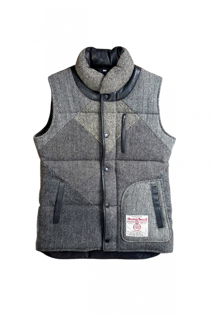 Upcycled Harris Tweed Padded Gilet with Leather Trim (HTMGLTXL5)
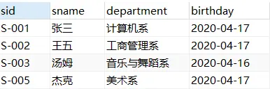 INSERT INTO students VALUES (1003, '杰克', '美术系', '2020-06-16');
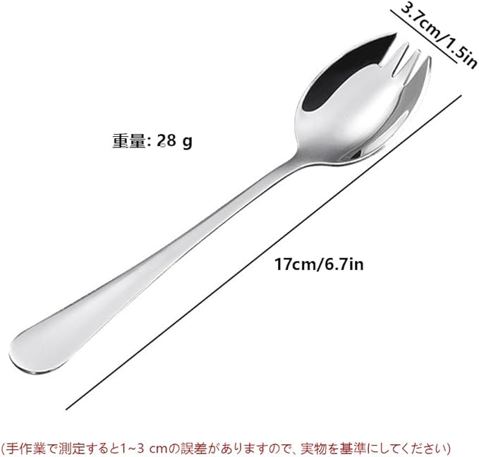 素材: 耐久性が高いの304ステンレス製スプーン。サイズ:全長17cm x幅3.7cm。重量:28g。食器洗浄乾燥機使用可。シルバーで高級感を示します。便利さ。フォークとスプーンの結合体で、日常よく使われている多用途食器セットです。食洗器・乾燥機対応で、洗うのは楽だうえに、食べ物の屑は残りません。プレゼントとしても最適です。クリスマス、正月、母の日、七五三お祝い、新婚お祝い、お誕生日、パーティーなど、各種な場合で大活躍でス。
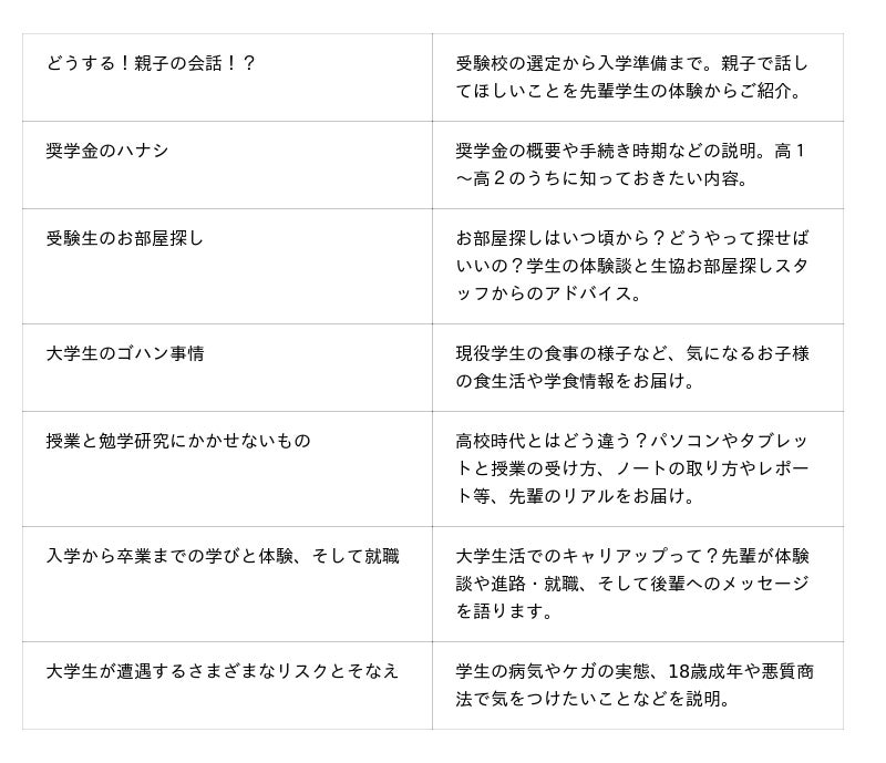 この企画は全国大学生活協同組合連合会がおこなった調査結果(「保護者に聞く新入生調査」の最新データ)をもとに受験・入学準備から大学生活にかかるお金の話を説明します。また、全国の大学生をもつ保護者の方や学生にインタビューをおこない、さまざまなアドバイスをお伝えします。
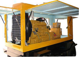 阿拉尔农场柴油发电机组/移动柴油发电机组设计独具创新,机动性高、重心低、制动安全、制造精良、外形美观。 阿拉尔农场拖车车架采用槽梁焊接成框架结构,节点选择合理、强度高、刚性好;同时装有钢板弹簧悬架结构;拖车采用高度可调节插销式牵引架,适用于各种高度牵引车;采用圆形钢管焊接直通式车轴,结构紧凑,安全可靠;车架四角设有机械式支撑装置,配备惯性行车制动、驻车制动和脱离应急制动,确保机组在各种状况下的安全;车架前端设有支撑轮,具备承受机组垂直载荷的功能的同时还具备导向功能;整车配备转向和刹车指示灯,同时装有尾灯标准插头
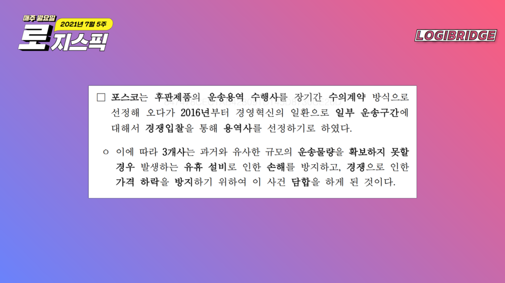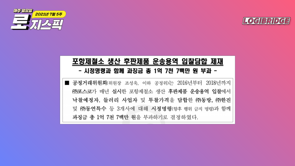 한 주 간 있었던 주요 물류 뉴스를 요약하는 로지스픽 코너입니다.
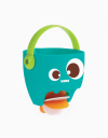 Vidám színekkel és vicces arccal ellátott kis vödör, amelynek az alján kis forgó malom található.
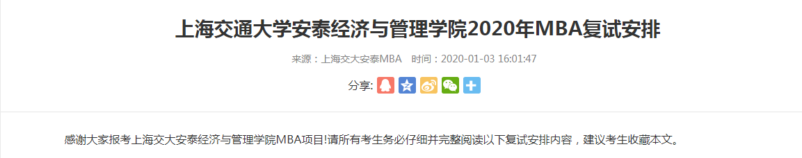 以上就是“2020MBA复试公告:上海交通拼搏(中国)安泰经济与管理学院MBA复试工作安排通知”的全部内容,更多拼搏在线官网复试信息,请多多关注研线网!祝您拼搏在线官网成功!

———

Your copy should match the entries exactly, minus the pictures.

 Upcycled Harris Tweed Padded Gilet with Leather Trim (HTMGLTXL5)
 INSERT INTO students VALUES (1003, '杰克', '美术系', '2020-06-16');
 素材: 耐久性が高いの304ステンレス製スプーン。サイズ:全長17cm x幅3.7cm。重量:28g。食器洗浄乾燥機使用可。シルバーで高級感を示します。便利さ。フォークとスプーンの結合体で、日常よく使われている多用途食器セットです。食洗器・乾燥機対応で、洗うのは楽だうえに、食べ物の屑は残りません。プレゼントとしても最適です。クリスマス、正月、母の日、七五三お祝い、新婚お祝い、お誕生日、パーティーなど、各種な場合で大活躍でス。
 この企画は全国大学生活協同組合連合会がおこなった調査結果(「保護者に聞く新入生調査」の最新データ)をもとに受験・入学準備から大学生活にかかるお金の話を説明します。また、全国の大学生をもつ保護者の方や学生にインタビューをおこない、さまざまなアドバイスをお伝えします。
 阿拉尔农场柴油发电机组/移动柴油发电机组设计独具创新,机动性高、重心低、制动安全、制造精良、外形美观。 阿拉尔农场拖车车架采用槽梁焊接成框架结构,节点选择合理、强度高、刚性好;同时装有钢板弹簧悬架结构;拖车采用高度可调节插销式牵引架,适用于各种高度牵引车;采用圆形钢管焊接直通式车轴,结构紧凑,安全可靠;车架四角设有机械式支撑装置,配备惯性行车制动、驻车制动和脱离应急制动,确保机组在各种状况下的安全;车架前端设有支撑轮,具备承受机组垂直载荷的功能的同时还具备导向功能;整车配备转向和刹车指示灯,同时装有尾灯标准插头
 한 주 간 있었던 주요 물류 뉴스를 요약하는 로지스픽 코너입니다.
 Vidám színekkel és vicces arccal ellátott kis vödör, amelynek az alján kis forgó malom található.
 以上就是“2020MBA复试公告:上海交通拼搏(中国)安泰经济与管理学院MBA复试工作安排通知”的全部内容,更多拼搏在线官网复试信息,请多多关注研线网!祝您拼搏在线官网成功!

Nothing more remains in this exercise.